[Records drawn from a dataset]
++++++++++++++++++++
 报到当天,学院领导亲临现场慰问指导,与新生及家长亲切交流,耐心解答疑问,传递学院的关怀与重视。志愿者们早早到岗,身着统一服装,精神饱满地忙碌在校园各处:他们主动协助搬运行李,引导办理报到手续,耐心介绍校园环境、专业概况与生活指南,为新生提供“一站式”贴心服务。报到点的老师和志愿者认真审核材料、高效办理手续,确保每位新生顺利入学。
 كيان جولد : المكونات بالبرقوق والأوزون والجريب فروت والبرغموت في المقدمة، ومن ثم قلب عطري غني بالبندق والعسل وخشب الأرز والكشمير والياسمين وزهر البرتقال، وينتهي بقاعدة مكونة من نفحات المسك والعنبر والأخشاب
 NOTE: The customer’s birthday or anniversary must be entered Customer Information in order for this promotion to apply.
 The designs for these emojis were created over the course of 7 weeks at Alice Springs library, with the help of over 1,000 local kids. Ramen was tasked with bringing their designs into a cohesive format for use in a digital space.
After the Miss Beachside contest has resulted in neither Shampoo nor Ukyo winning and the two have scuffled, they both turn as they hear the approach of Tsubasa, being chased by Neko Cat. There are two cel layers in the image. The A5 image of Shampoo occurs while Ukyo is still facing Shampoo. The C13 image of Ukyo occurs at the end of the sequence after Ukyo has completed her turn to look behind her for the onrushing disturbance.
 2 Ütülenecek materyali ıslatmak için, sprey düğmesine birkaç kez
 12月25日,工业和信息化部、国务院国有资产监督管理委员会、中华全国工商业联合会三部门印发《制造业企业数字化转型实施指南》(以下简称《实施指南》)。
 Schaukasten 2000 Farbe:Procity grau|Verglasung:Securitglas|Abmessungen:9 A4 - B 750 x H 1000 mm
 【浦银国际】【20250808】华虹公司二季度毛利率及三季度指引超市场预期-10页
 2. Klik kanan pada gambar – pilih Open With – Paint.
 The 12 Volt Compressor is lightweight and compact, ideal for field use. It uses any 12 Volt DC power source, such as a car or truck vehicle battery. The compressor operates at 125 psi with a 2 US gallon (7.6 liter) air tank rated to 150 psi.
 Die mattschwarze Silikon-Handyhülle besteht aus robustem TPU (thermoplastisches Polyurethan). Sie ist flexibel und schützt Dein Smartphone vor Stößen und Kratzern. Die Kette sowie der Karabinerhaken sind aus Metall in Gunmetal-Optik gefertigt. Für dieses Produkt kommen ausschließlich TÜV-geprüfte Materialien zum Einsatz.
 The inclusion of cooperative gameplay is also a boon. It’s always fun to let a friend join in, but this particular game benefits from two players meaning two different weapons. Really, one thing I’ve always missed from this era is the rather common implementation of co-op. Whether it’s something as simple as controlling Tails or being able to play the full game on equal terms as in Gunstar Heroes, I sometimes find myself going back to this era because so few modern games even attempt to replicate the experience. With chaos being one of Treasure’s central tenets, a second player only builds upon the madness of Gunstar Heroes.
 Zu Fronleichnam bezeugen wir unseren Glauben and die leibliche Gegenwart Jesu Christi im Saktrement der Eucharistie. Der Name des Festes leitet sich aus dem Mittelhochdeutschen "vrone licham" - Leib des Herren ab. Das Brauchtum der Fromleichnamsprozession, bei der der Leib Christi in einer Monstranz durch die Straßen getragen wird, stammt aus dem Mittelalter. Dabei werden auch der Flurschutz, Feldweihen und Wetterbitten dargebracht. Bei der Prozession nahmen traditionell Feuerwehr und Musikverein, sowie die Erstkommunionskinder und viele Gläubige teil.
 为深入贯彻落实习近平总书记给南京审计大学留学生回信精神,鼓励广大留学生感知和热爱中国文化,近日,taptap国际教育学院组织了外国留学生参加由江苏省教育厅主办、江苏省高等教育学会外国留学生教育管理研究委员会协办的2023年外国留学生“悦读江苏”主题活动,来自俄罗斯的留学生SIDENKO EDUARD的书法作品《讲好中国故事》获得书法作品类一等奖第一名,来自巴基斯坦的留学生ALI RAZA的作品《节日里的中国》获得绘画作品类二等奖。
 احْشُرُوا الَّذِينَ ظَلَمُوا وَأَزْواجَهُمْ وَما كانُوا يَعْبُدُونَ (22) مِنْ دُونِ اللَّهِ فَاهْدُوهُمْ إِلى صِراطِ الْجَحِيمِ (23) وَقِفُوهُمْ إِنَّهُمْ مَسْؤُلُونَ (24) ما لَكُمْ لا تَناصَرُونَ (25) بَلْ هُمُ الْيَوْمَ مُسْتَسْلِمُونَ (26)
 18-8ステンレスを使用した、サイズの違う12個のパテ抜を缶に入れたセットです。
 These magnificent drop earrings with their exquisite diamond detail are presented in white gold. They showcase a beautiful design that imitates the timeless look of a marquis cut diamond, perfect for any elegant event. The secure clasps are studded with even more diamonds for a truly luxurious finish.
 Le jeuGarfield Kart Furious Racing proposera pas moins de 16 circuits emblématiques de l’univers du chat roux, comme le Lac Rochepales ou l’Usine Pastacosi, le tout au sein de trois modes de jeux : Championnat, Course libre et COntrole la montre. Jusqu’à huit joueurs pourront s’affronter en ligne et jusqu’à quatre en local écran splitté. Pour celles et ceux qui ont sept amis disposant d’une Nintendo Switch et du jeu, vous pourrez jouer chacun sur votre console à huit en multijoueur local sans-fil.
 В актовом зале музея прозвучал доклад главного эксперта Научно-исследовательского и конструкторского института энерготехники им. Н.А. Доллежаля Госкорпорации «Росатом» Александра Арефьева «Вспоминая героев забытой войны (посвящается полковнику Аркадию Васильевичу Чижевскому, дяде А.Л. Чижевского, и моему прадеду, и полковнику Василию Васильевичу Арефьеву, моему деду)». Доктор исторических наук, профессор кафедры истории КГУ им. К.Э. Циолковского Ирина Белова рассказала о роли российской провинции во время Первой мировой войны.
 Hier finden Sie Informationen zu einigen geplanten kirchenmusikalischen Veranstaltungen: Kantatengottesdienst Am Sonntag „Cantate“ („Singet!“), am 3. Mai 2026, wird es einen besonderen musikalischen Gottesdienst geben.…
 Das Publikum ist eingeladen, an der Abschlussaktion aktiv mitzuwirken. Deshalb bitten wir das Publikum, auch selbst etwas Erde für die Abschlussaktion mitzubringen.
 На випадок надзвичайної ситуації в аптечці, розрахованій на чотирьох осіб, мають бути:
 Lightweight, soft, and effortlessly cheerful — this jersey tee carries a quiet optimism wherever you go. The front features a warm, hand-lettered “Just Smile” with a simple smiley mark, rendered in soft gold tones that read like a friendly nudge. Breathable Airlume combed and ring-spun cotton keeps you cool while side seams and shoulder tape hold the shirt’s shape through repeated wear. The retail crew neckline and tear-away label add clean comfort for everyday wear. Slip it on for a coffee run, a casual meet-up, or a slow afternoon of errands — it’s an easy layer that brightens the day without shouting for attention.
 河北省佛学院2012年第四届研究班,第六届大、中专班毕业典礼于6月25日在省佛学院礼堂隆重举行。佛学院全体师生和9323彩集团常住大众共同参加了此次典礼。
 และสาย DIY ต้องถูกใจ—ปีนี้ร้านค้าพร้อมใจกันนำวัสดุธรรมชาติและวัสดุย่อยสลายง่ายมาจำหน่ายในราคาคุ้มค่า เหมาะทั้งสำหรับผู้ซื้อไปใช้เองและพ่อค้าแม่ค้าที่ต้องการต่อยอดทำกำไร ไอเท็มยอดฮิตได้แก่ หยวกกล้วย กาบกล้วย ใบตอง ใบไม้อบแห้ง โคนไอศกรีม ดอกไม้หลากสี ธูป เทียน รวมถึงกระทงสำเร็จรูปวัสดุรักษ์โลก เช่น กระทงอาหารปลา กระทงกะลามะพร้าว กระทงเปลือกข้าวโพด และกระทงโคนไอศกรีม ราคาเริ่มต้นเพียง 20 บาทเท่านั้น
++++++++++++++++++++
**ASSIGNMENT**: A complete answer lists each line of the data that holds the word "their".

**EXERCISE SOLUTION**:
 The designs for these emojis were created over the course of 7 weeks at Alice Springs library, with the help of over 1,000 local kids. Ramen was tasked with bringing their designs into a cohesive format for use in a digital space.
 These magnificent drop earrings with their exquisite diamond detail are presented in white gold. They showcase a beautiful design that imitates the timeless look of a marquis cut diamond, perfect for any elegant event. The secure clasps are studded with even more diamonds for a truly luxurious finish.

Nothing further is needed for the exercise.